Polycheles typhlops is a species of blind, deep water decapod crustacean with a cosmopolitan distribution. It is "one of the dominant and most characteristic crustaceans in deep-sea communities of the Mediterranean Sea".

==Description==
Adult P. typhlops reach a total length of 50–100 mm, from the tip of the rostrum to the end of the telson. This excludes the greatly elongated first pair of pereiopods which are normally held with the first three segments close to the side of the thorax, and the remainder held horizontal above the level of the animal's body, with the tips of the claws not exceeding the tip of the rostrum. This is thought to be an adaptation to predation while partly buried in the sediment. The usual colour of the exoskeleton is whitish, orange or yellow, with the fertilised eggs matching the colour of the pleon where they are brooded.

As in other polychelids, and as implied by the generic names Polycheles and Pentacheles, all five pairs of pereiopods bear claws.

Polycheles typhlops may be distinguished from closely related species by a number of characteristics, including the presence of an indentation around the orbit of the eye, 12–15 spines on each side of the carapace, a forward-pointing spine on the back of each of the second to fifth segments of the pleon, and two longitudinal ridges on each uropod. Only one other polychelid species is known to occur in the Mediterranean Sea, although four different species of larva have been found there.

==Distribution==
Polycheles typhlops lives in deep water throughout the Indo-Pacific, and on both sides of the Atlantic Ocean, including the Mediterranean Sea, the type specimen having been caught off Sicily.
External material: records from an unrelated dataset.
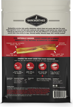 Introducing Barkworthies Smoked Cheeky 6” Beef Dog Chews! Your pup will love munching on this tasty snack. Each chew is lovingly smoked in Virginia with irresistible hickory, creating a drool-worthy chew inside and out. These long-lasting, single-ingredient chews are made with grass-fed beef and are completely digestible. As your buddy chews, the treats support dental health by scrubbing off plaque and tartar. Let your furry friend savor this tasty treat, and both of you can revel in that delightful aroma!
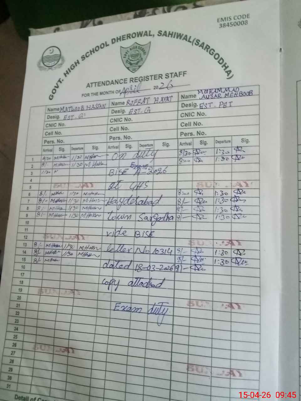 | District: SARGODHA | Tehsil: SAHIWAL | Markaz: SECONDARY-WING | Level: High | |
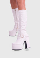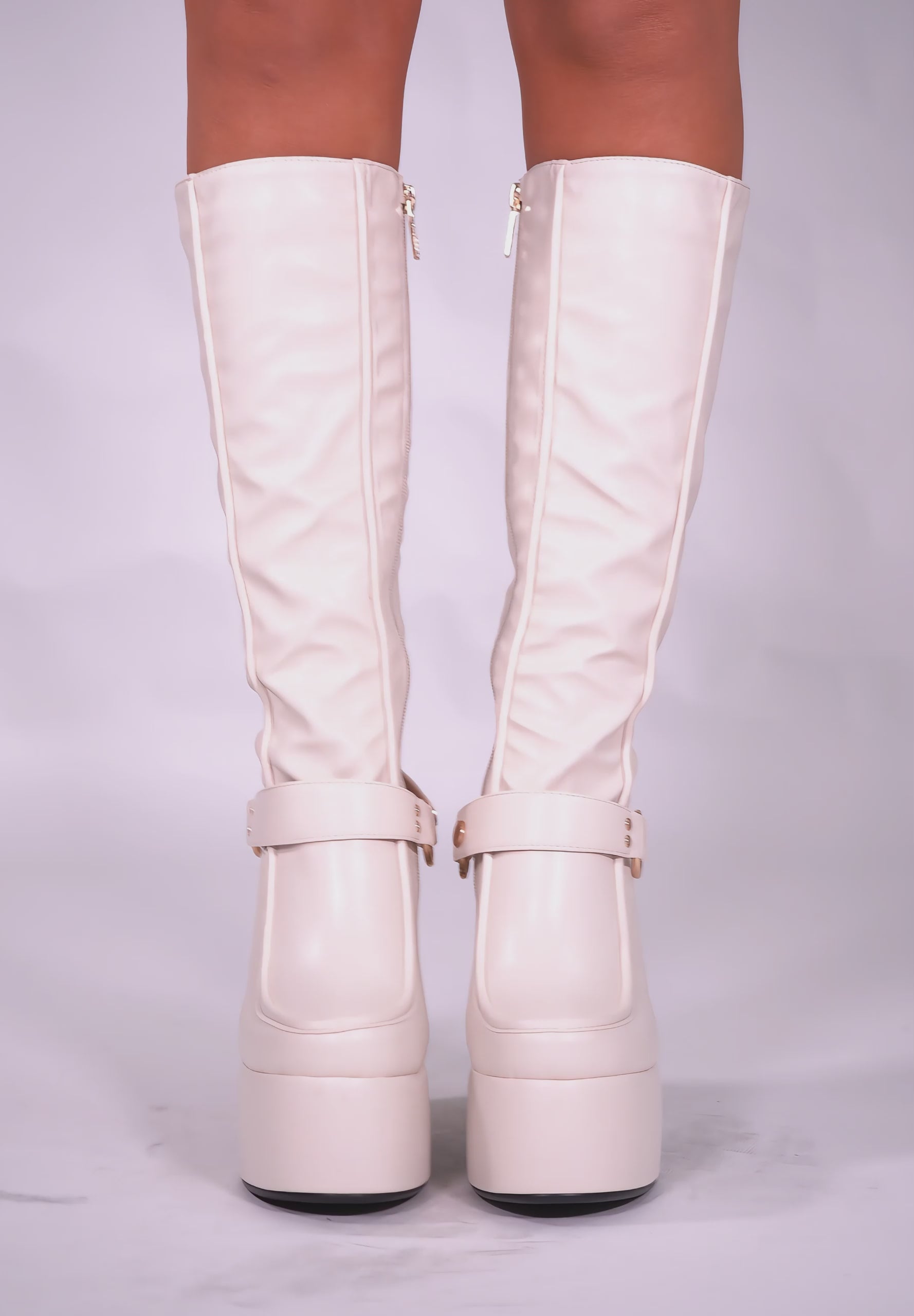 FLAMMA Bianco - Stivali al ginocchio plateau alto similpelle con fibbia rimovibile
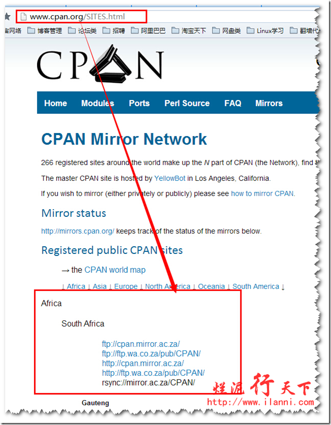 查找国内的CPAN镜像站点,可以到http://www.cpan.org/SITES.html,这个站点进行查询。
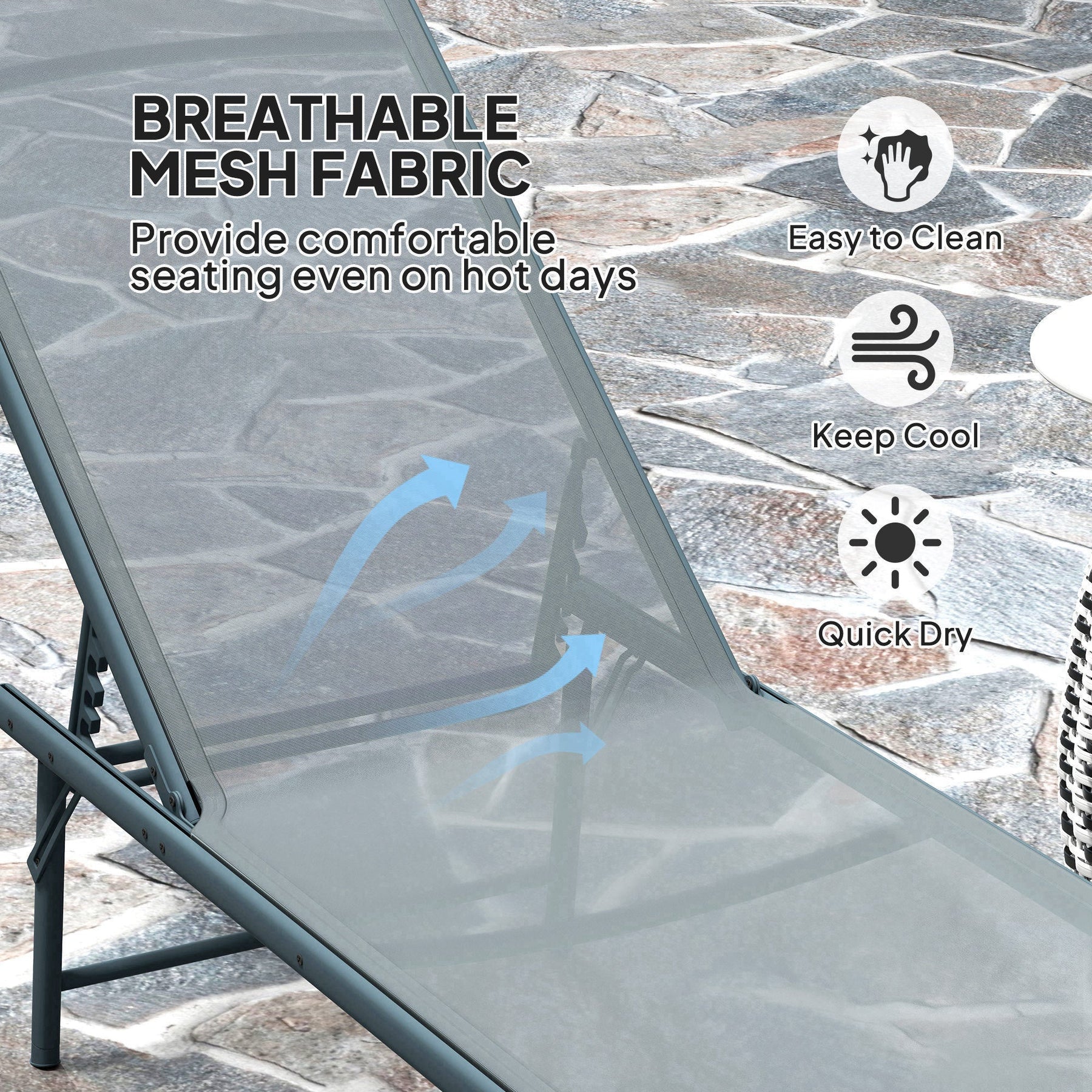 Relax in comfort and style with our 5-Level Adjustable Patio Lounger. Whether you're sunbathing, reading, or simply lounging outdoors, this chair offers five adjustable positions to provide optimal comfort. From sitting upright to fully reclining for a nap, you can easily find the perfect angle for your relaxation needs. Made with breathable mesh fabric, this lounge chair ensures you stay cool and dry even on hot days, making it ideal for poolside lounging or beach trips. The quick-drying fabric allows you to stay comfortable without worrying about lingering moisture. Designed with convenience in mind, the foldable legs enable easy storage, making it perfect for patios, balconies, or small spaces. Built with a steel frame and a protective powder coating, this lounger is rust-resistant and durable, offering long-lasting reliability for all your outdoor adventures.
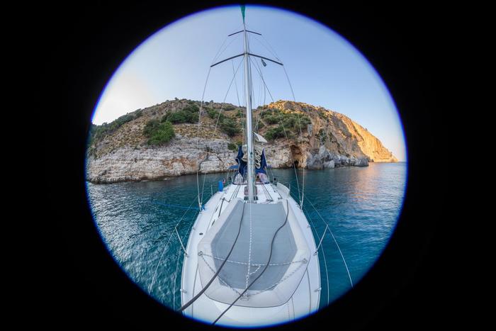 Изначально я мыслил стать в ближайшую бухту. Но там оказалось много лодок, высыпавших в воду купающихся туристов, а нам хотелось чего-то более уединенного.

The species' depth distribution is less clear, with different authors citing depths of 350–900 m, 300–2000 m, 450–2000 m, 77–2055 m, and 600–1400 m. It is reported to be most abundant at depths of 750 m, 500–1000 m, or 900–1300 m. There are known to be both seasonal and geographical variations in depth, which may help to explain the variation.

==Ecology==
P. typhlops probably acts as an ambush predator, hiding buried in the sediment with its claws raised above the surface. Its main prey are bony fish and other crustaceans, such as shrimp, mysids and amphipods.